PROBLEM:
From the line containing "Note: Some of" through the last line of the material, copy every line exactly, both ends inclusive; do not copy pictures.

DATASET RECORDS:
-*-

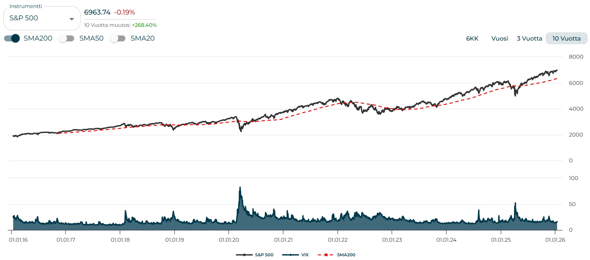 S&P 500 -indeksin historiallinen kehitys on vakuuttavaa katseltavaa. Viimeisen 10 vuoden aikana indeksi on tarjonnut 13 prosentin vuotuistetun tuoton. Indeksi on tänä aikana kokenut kolme merkittävää laskujaksoa, jolloin indeksi on pudonnut selvästi alle 200 päivän liukuvan keskiarvon. Koronakriisi, joka oli syvin, mutta nopea pudotus. Vuosien 2022-2023 inflaatiopiikistä aiheutunut lasku sekä kevään 2025 kauppasotalasku.
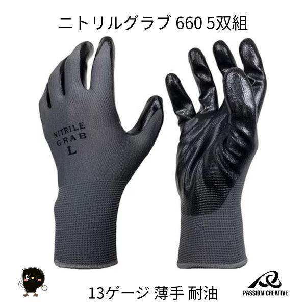 勝星産業 ニトリルグラブ 660 5双組 13ゲージ 薄手 ニトリルゴム 耐油 耐摩耗 作業手袋 グレー M/L 機械整備 建築 土木 運送
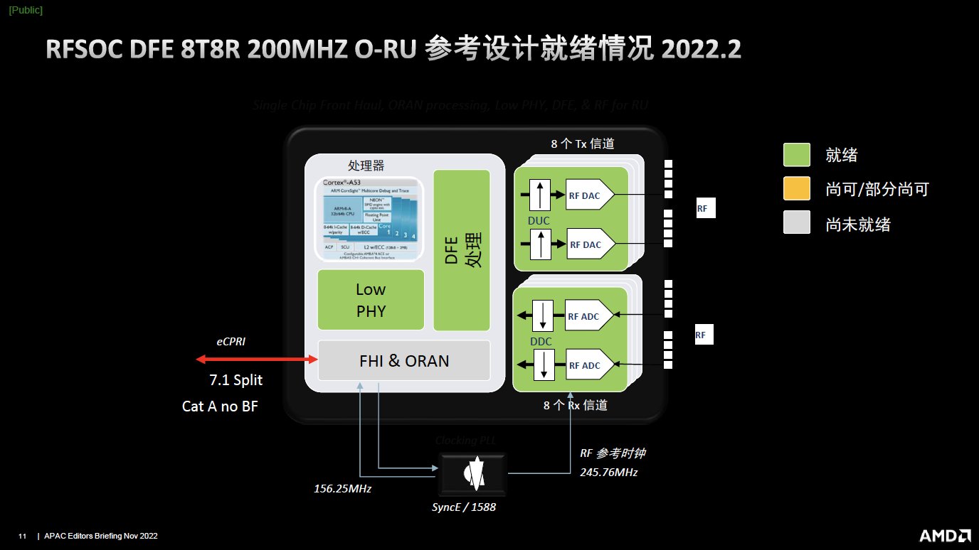 據(jù)Gilles Garcia介紹,通過(guò)一個(gè)RFSoC器件,就可以實(shí)現(xiàn)一個(gè)滿足8T8R 200兆赫的方案。這是一個(gè)前傳和RAN的接口,可以實(shí)現(xiàn)Low PHY進(jìn)行DFE的處理。該參考設(shè)計(jì)正在開(kāi)發(fā)過(guò)程中,預(yù)計(jì)將在2023年1月問(wèn)世。主要是FHI和ORAN的部分尚未就緒,還處于開(kāi)發(fā)的階段。
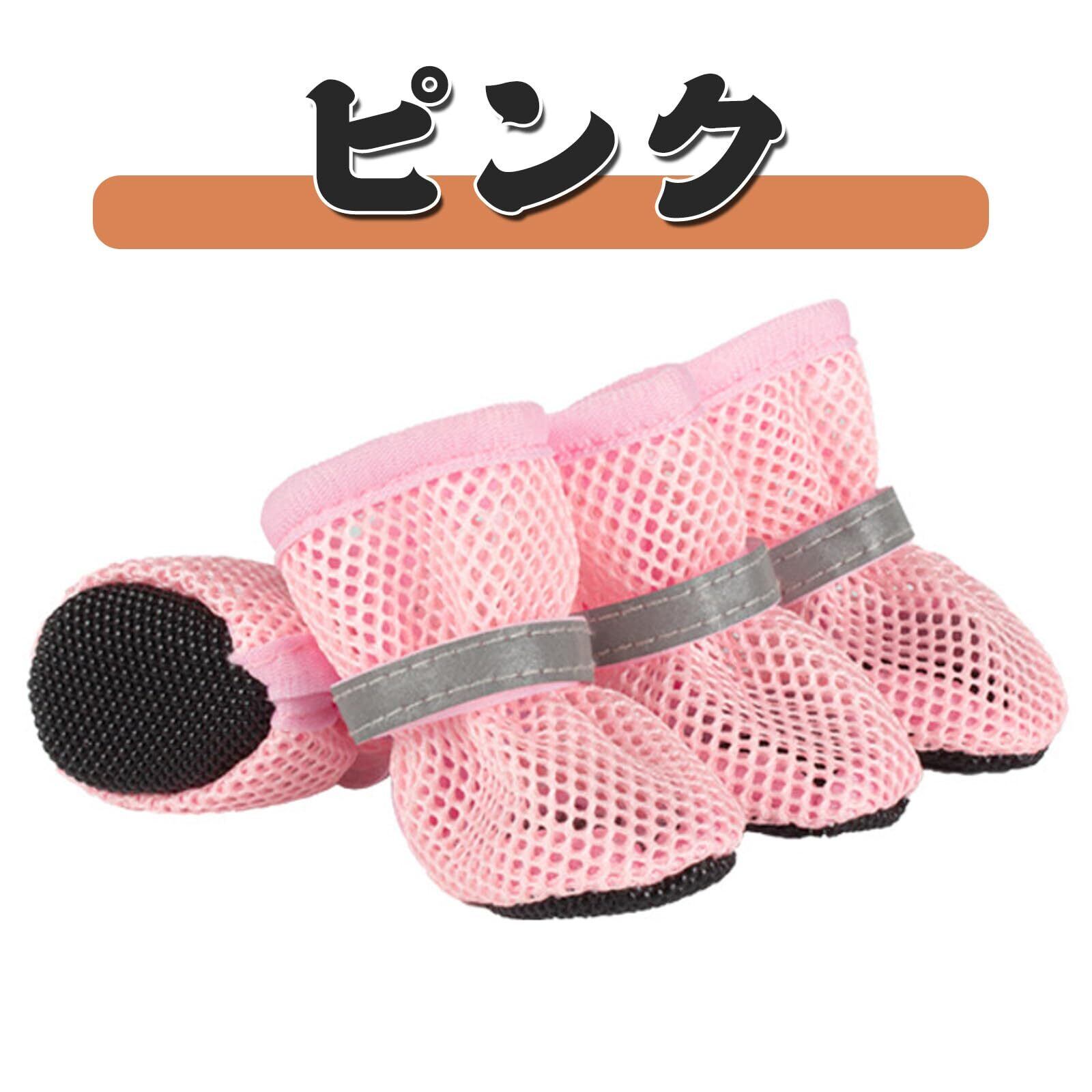 犬 靴 メッシュ 犬の靴 夏用 犬用靴 小型犬 ドッグブーツ 中型犬 ドッグシューズ 大型犬 通気性 犬用ブーツ 防水 脱げにくい 犬用シューズ 滑り止め 肉球保護 犬のくつ 汚れ防止 夜間反射テープ付き ドッグくつ 介護 軽量 お散歩 梅雨対策 ペット用靴 (ピンク,S)
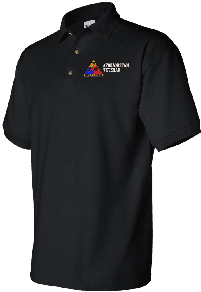 Note: Some of the Color Options pictured may not be available. Available Color Options are listed on the drop down menu above.MilitaryBest is proud to offer this quality 3rd Armored Division Afghanistan Veteran Polo. Each Polo is available in either 100% Ringspun cotton pique or a 50/50 cotton/polyester blend. These quality Military Polos are proudly embroidered at our facilities in Scottsboro, AL. Support the Army MWR program by purchasing only from Licensed Vendors.
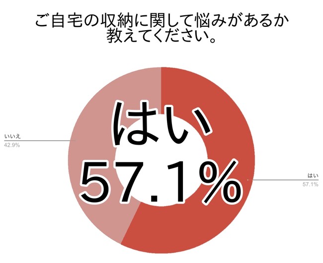 アンケートでは自宅収納に悩みがあると答えた方が6割弱(57.1%)でした。最初の質問で自宅収納が広くないと感じていたのが55.1%であることと照らし合わせてもわかるように、収納スペースの広さが足りないことが収納の悩みに直結している傾向をよく表しています。

-*-

ANSWER:
 Note: Some of the Color Options pictured may not be available. Available Color Options are listed on the drop down menu above.MilitaryBest is proud to offer this quality 3rd Armored Division Afghanistan Veteran Polo. Each Polo is available in either 100% Ringspun cotton pique or a 50/50 cotton/polyester blend. These quality Military Polos are proudly embroidered at our facilities in Scottsboro, AL. Support the Army MWR program by purchasing only from Licensed Vendors.
 アンケートでは自宅収納に悩みがあると答えた方が6割弱(57.1%)でした。最初の質問で自宅収納が広くないと感じていたのが55.1%であることと照らし合わせてもわかるように、収納スペースの広さが足りないことが収納の悩みに直結している傾向をよく表しています。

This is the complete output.